There is a truly comforting feature that running offers its newbies, especially for those looking for a little more activity in their retirement sport than that offered by golf. And for some reason, it’s hardly ever talked about.
Runner and author Joan Ullyot says it best: “No matter what your age when you start running, you can expect about 10 years of improvement. That’s how long it takes to learn the game.”
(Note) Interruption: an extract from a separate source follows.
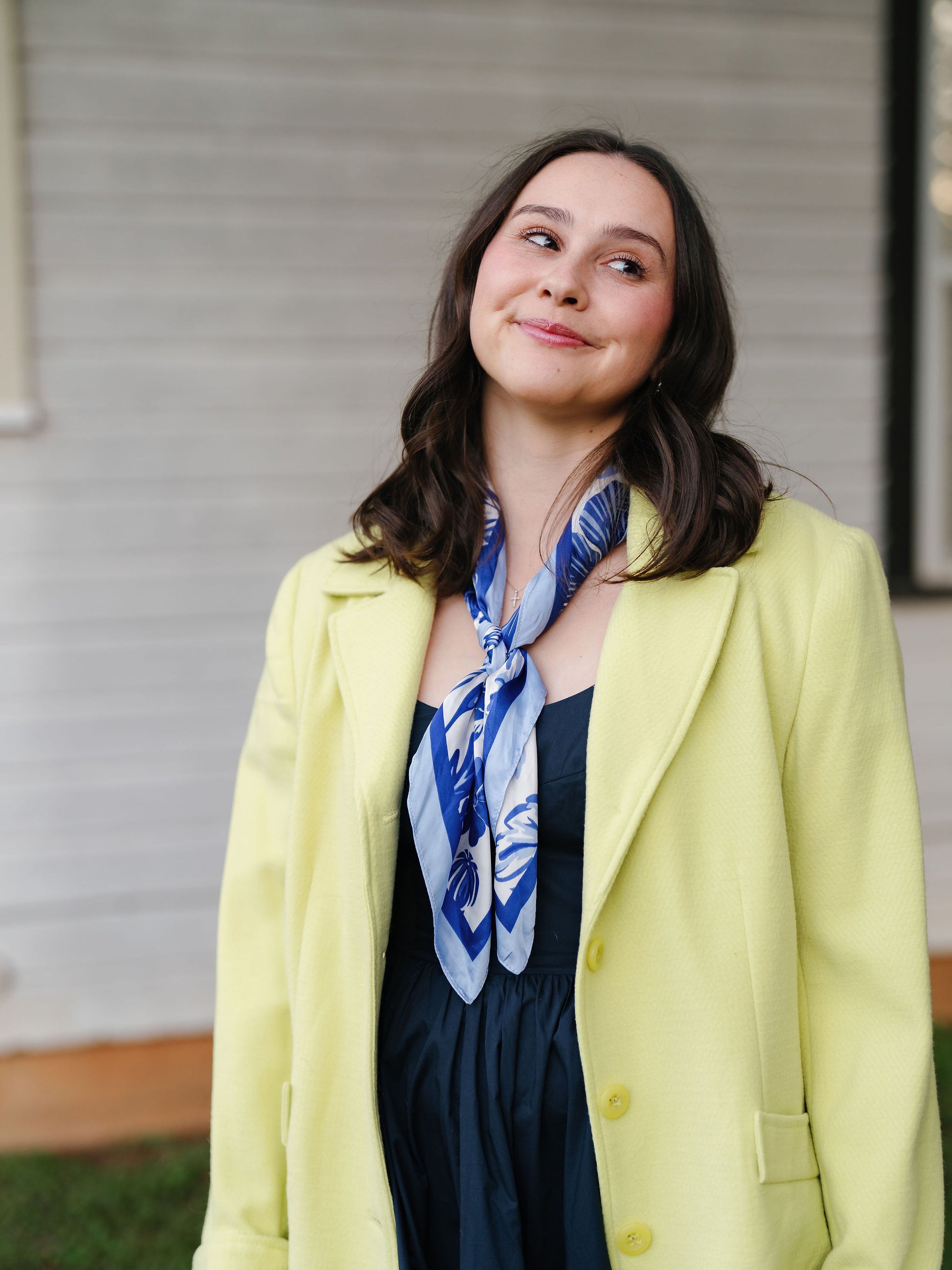 The Amery Dress is a navy dress with puff sleeves and a scoop neckline. Can be dressed up for an event or dressed down for every day wear!

No matter what your age. 20, 50, it doesn’t make a difference. Middle agers with the itch to do a marathon or half but wondering if you’re too old to start training, you have your answer. Consider some statistics from 2007, the most recent available on marathonguide.com — in that year, the average age for marathon finishers in the United States was 38.9 years. The age groups with the best average times? For men, the 40 to 44 group was the fastest. Even the 45 to 49 group outpaced the 20 to 24 group by almost three minutes! For women, 35 to 39 was the fastest age group. And they were just seven seconds behind the 40 to 44 year-olds.
So what is it about running that makes it the exception to the younger-equals-stronger rule? What exactly are we learning over those 10 years of improvement?
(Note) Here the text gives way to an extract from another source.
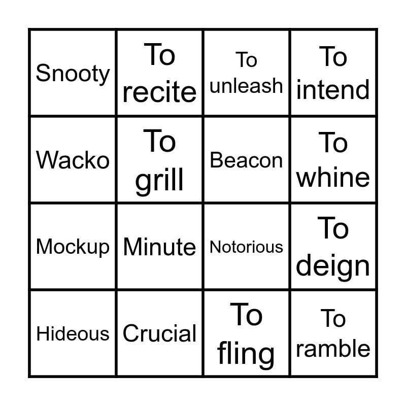 This bingo card has 16 words: Crucial, To deign, To unleash, Snooty, Mockup, To recite, Notorious, To fling, Wacko, To grill, Hideous, To intend, Minute, To whine, Beacon and To ramble.

A recent Runner’s World article sheds little light on the issue. There’s no question that physically, the body declines after the mid-20’s or early 30’s, at the latest. Those quoted in the article tend to believe that it really is learning that helps us run faster as we age. Learning what we’re capable of, learning what training and nutrition strategies work for us, learning to listen to our bodies to avoid injury and to decide how best to manage a 26.2-mile race.
I find this explanation extremely unsatisfying. I know that when I run now, I feel entirely different than I did in my first few years of running. My “easy” pace is much faster, my breathing is much easier, muscle soreness and injury woes are nothing compared to what they used to be. It feels like a different sport than it did then.
Granted, my body is probably not quite in the “decline” phase yet, but those improvements aren’t just the result of being at my peak age, physically. And if my improvements are mental, then they’re certainly not conscious. Yes, I’m better at managing my training and avoiding injury than I used to be, but that’s not it.
I believe that the bulk of learning, as it relates to running, is subconscious. As we run and cross-train, our brains learn to do these activities as efficiently as possible. When I go out and do six easy miles on a trail I’ve run a hundred times before, there can’t be much physical improvement happening. But I like to think that with every step, I’m learning what works and what doesn’t, quite literally finding the most economical way to put one foot in front of the other. And when I train on new terrain, do speedwork, or cross-train, new neural pathways are created to give the neuromuscular system more choices. It’s all about options. Repeat for 10 years, and you’ve got a pretty strong runner relative to the starting point, and regardless of age.
This year’s NYC Marathon winner was 34. Not old, but not young either, when you think about the physical feat a marathon winner must perform. And Constantina Tomescu Dita won the women’s marathon gold medal in the Beijing Olympics at age 38.
It takes 10 years to learn the game. What are you waiting for?